YOUR ASSIGNMENT: Exact copy, pictures excluded: output the lines from the opening of the entries through the line bearing "- The EKPK90BL".

TASK DATA:

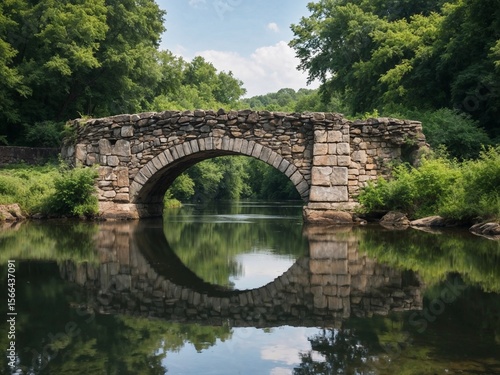 Old stone bridge crossing a calm river, lush greenery, reflection in water, daylight
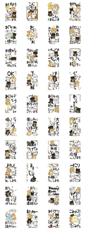 仲良しワンコたちのずーっと使える言葉のスタンプです。
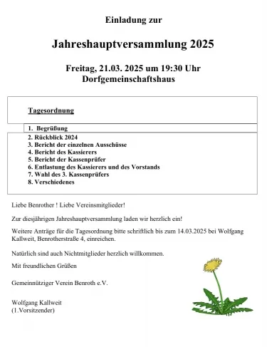 Jahreshauptversammlung Dorfgemeinschaft Wildbergerhütte Wildbergerhütte
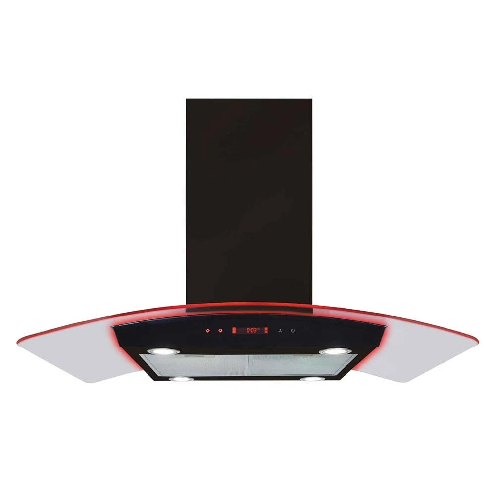 - The EKPK90BL is a stylish curved glass island extractor with LED edge lighting in three colours, blue, red and green. It has 3 speeds, touch control and built in LED lights to provide good illumination of the cooking area.
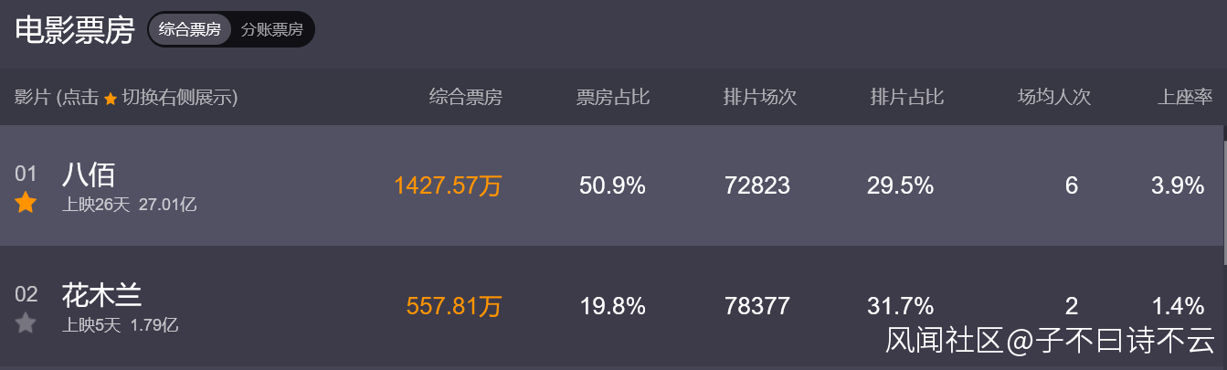 上映5天,《花木蘭》票房為1.78億,上座率和單日票房等數據均低於已經上映26天的《八佰》。
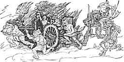 HONO KURUMA, THE CART OF HELL, (After an old Japanese painting.)
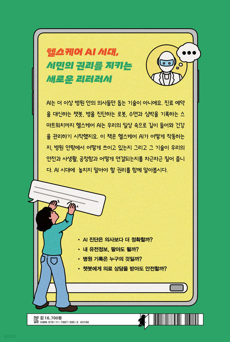 - 진단·치료·돌봄의 경계에서 열리는 의료의 미래 - 풍부한 사례로 만나는 헬스케어 AI 과거 병원에서만 가능했던 진단과 치료는 헬스케어 AI의 등장으로 일상 영역까지 확대되었다. 합리적인 규정과 규제 방안이 마련되지 않은 채 AI가 우리 삶에 보다 직접적으로 관여하기 시작한 것이다. 저자는 정답이 없는 의료 영역에서 기계 학습이 인간의 판단과 만나 발생할 수 있는 다양한 갈등 상황과 딜레마, 불확실성에 주목한다. 이러한 논점을 풀어냄에 있어 이 책은 어려운 의학 용어나 공학 개념을 나열하는 대신, 구체적이고 현실적인 사례를 제시해 독자가 AI와 건강의 관계를 쉽게 이해할 수 있도록 한다. 예컨대, AI 챗봇에게 여드름 상담을 받는 중학생 태윤, 스마트 장비로 일상생활을 지원받는 장애인 인수 등 풍부한 가상 사례를 담아 헬스케어 AI가 작동하는 실제 장면을 생생히 그려 낸다. 이 사례들은 단순한 기술 시연으로 끝나지 않고 ‘아플 때 병원에서 AI 적용 서비스를 고르는 것이 좋을지’, ‘이사를 갈 때 AI 시스템을 설치할 수 있는 집을 찾아야 할지’ 등 나의 삶과 연결되는 질문을 끌어낸다. 저자의 사려 깊은 시선을 따라 독자는 기술과 윤리, 사회가 교차하는 다소 낯선 문제를 ‘나의 이야기’로 쉽게 공감하며 찬찬히 고민해 볼 수 있다. 이렇듯 작은 질문에서 시작한 논의는 AI의 판단을 얼마나 신뢰할 수 있을지, 오류는 누가 책임져야 할지, 나아가 공정성을 어떻게 확보할 수 있을지 등 철학과 윤리를 넘나드는 다양한 주제로 이어진다. 책 곳곳에는 논점을 뒷받침하는 실험과 기술사적 맥락이 유기적으로 엮여 있어 청소년과 시민이 함께 읽고 토론하거나 논술 수업에 활용하기 좋다. 의료를 넘어, 기술 시대를 살아가는 우리에게 - 의공학 계열 진로 희망자를 위한 AI 시대 기술 윤리 - 내 건강을 지키기 위한 비판적 사고력 AI는 효율적이지만, 의료는 효율만으로 설명되지 않는다. 《AI에게 건강을 맡겨도 될까요?》는 AI가 만들어 낸 ‘확률 기반 의료’의 위험과 가능성을 함께 보여 준다. AI는 방대한 데이터를 학습해 진단을 내리지만, 그 확률의 의미는 의료진의 임상적 판단과는 다르다. AI가 병원 안에서뿐 아니라 일상과 개인의 스마트기기 속으로 확장될수록, 그 기술이 공정하고 안전하게 작동하기 위한 사회적 합의가 필요한 이유다. AI와 함께 살아가야 하는 세대에게 기술을 비판적으로 이해하고 스스로 판단할 힘을 기르는 것은 매우 중요하다. 《AI에게 건강을 맡겨도 될까요?》는 AI와 의료가 만나는 최전선에서 ‘기술과 인간의 공존’을 고민하는 청소년 교양서다. 저자는 “AI를 활용할 권리는 전문가에게만 있는 것이 아니다”라며, 모두가 헬스케어 AI의 작동 원리와 윤리적 기준을 이해해야 한다고 강조한다. 이 책이 제안하는 ‘AI 리터러시’는 단순한 기술 이해를 넘어, 건강한 판단과 책임 있는 선택을 위한 시민 교양이다. 의학·공학 계열 진로를 희망하는 청소년은 물론, AI와 의료의 관계를 이해하고자 하는 독자들에게 필수적인 출발점이 되어 줄 것이다. |
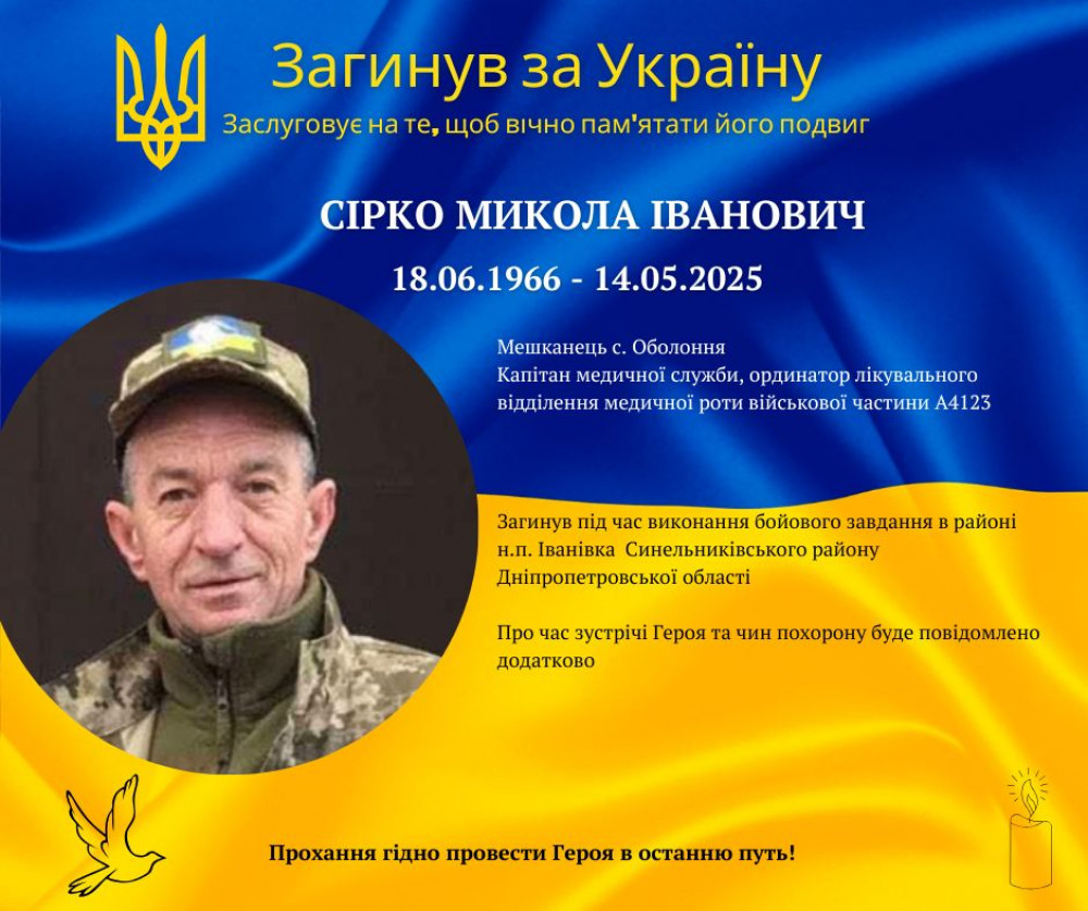 Війна забрали життя мешканця Долинської громади з села Оболоння - СІРКА МИКОЛИ.

ANSWER AREA:
 Old stone bridge crossing a calm river, lush greenery, reflection in water, daylight
 仲良しワンコたちのずーっと使える言葉のスタンプです。
 Jahreshauptversammlung Dorfgemeinschaft Wildbergerhütte Wildbergerhütte
 - The EKPK90BL is a stylish curved glass island extractor with LED edge lighting in three colours, blue, red and green. It has 3 speeds, touch control and built in LED lights to provide good illumination of the cooking area.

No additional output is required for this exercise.